▸ BRIEF:
Please set down exactly the lines of the listing below from the line containing "Вашему вниманию представляется" through the line containing "CHECK INS: Always", both lines included, leaving out all other lines.

▸ THE DATA:
::::::

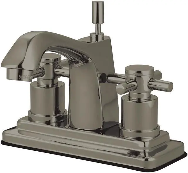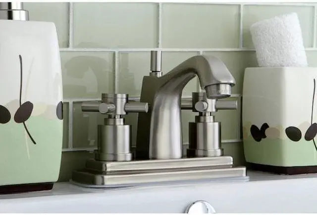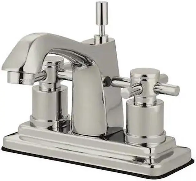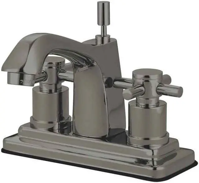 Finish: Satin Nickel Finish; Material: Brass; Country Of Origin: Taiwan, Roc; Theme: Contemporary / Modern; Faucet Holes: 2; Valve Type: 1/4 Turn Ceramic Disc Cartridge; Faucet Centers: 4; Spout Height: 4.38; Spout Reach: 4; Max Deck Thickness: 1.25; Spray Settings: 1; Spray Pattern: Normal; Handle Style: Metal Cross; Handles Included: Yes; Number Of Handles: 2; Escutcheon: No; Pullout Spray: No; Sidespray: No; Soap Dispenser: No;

::::::

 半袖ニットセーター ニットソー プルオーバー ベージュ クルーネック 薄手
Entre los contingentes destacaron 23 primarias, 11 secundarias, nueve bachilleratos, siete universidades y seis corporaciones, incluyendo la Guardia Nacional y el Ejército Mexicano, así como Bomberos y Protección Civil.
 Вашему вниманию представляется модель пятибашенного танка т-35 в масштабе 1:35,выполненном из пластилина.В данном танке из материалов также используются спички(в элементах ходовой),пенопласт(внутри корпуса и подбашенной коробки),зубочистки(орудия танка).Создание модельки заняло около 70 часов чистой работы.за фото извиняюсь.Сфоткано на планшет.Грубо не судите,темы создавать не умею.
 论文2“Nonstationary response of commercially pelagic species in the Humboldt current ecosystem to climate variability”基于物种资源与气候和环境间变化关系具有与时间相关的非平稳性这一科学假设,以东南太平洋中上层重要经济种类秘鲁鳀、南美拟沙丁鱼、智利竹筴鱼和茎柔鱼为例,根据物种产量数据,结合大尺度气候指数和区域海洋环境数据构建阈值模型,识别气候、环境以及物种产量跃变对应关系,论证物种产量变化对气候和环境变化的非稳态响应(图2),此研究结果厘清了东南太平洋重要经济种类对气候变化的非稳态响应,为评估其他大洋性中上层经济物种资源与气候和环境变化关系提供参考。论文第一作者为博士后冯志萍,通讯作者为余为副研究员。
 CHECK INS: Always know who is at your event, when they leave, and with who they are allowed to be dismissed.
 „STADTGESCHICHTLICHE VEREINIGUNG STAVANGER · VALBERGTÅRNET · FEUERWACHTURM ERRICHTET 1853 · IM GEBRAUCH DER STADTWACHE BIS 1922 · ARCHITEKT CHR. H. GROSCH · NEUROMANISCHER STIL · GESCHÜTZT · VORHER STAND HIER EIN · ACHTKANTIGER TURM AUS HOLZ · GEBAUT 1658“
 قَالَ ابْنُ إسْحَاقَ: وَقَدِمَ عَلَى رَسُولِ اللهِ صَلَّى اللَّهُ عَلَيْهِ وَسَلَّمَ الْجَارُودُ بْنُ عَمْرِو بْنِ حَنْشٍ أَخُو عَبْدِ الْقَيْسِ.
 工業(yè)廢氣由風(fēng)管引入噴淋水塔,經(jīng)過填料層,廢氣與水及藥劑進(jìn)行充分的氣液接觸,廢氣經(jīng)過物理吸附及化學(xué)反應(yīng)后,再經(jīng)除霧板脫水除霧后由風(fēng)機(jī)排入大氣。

::::::

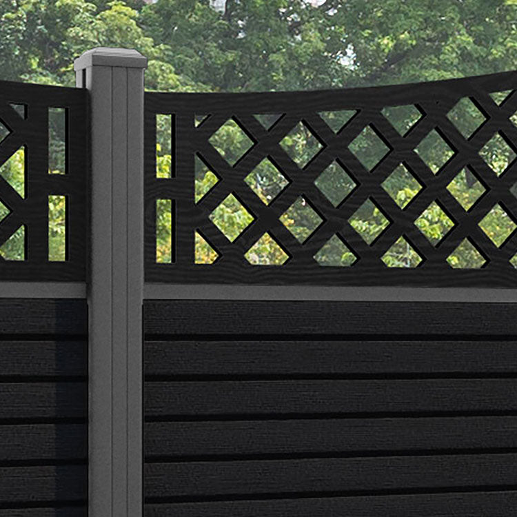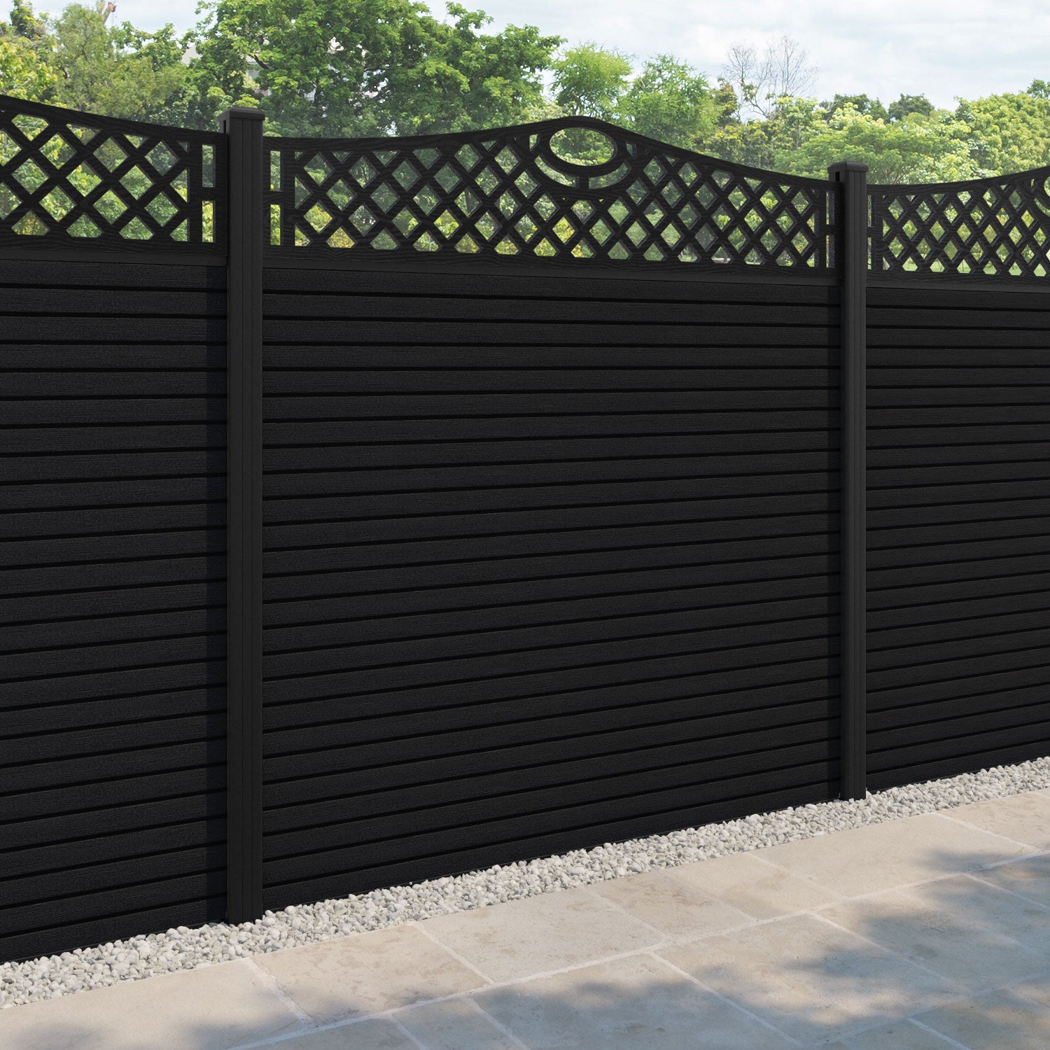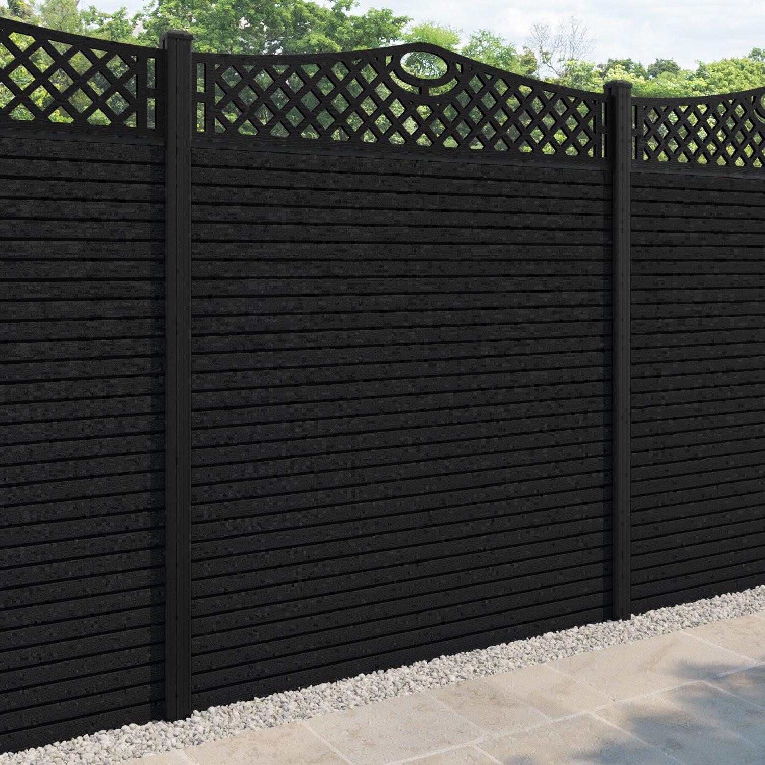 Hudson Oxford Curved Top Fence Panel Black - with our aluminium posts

::::::

▸ ANSWER BOX:
 Вашему вниманию представляется модель пятибашенного танка т-35 в масштабе 1:35,выполненном из пластилина.В данном танке из материалов также используются спички(в элементах ходовой),пенопласт(внутри корпуса и подбашенной коробки),зубочистки(орудия танка).Создание модельки заняло около 70 часов чистой работы.за фото извиняюсь.Сфоткано на планшет.Грубо не судите,темы создавать не умею.
 论文2“Nonstationary response of commercially pelagic species in the Humboldt current ecosystem to climate variability”基于物种资源与气候和环境间变化关系具有与时间相关的非平稳性这一科学假设,以东南太平洋中上层重要经济种类秘鲁鳀、南美拟沙丁鱼、智利竹筴鱼和茎柔鱼为例,根据物种产量数据,结合大尺度气候指数和区域海洋环境数据构建阈值模型,识别气候、环境以及物种产量跃变对应关系,论证物种产量变化对气候和环境变化的非稳态响应(图2),此研究结果厘清了东南太平洋重要经济种类对气候变化的非稳态响应,为评估其他大洋性中上层经济物种资源与气候和环境变化关系提供参考。论文第一作者为博士后冯志萍,通讯作者为余为副研究员。
 CHECK INS: Always know who is at your event, when they leave, and with who they are allowed to be dismissed.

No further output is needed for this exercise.